* What is needed
Within the listing below, filter for "style" and copy every matching line.

* Supplied material
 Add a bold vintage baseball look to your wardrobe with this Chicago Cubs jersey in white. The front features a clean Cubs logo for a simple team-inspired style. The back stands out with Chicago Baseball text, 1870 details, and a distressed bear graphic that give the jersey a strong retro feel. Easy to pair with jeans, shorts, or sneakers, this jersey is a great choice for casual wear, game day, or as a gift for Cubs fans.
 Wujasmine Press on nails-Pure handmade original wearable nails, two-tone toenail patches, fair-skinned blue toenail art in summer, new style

---

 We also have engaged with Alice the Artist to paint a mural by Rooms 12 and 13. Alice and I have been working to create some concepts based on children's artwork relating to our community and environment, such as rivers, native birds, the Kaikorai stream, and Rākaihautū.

* Exercise response
 Add a bold vintage baseball look to your wardrobe with this Chicago Cubs jersey in white. The front features a clean Cubs logo for a simple team-inspired style. The back stands out with Chicago Baseball text, 1870 details, and a distressed bear graphic that give the jersey a strong retro feel. Easy to pair with jeans, shorts, or sneakers, this jersey is a great choice for casual wear, game day, or as a gift for Cubs fans.
 Wujasmine Press on nails-Pure handmade original wearable nails, two-tone toenail patches, fair-skinned blue toenail art in summer, new style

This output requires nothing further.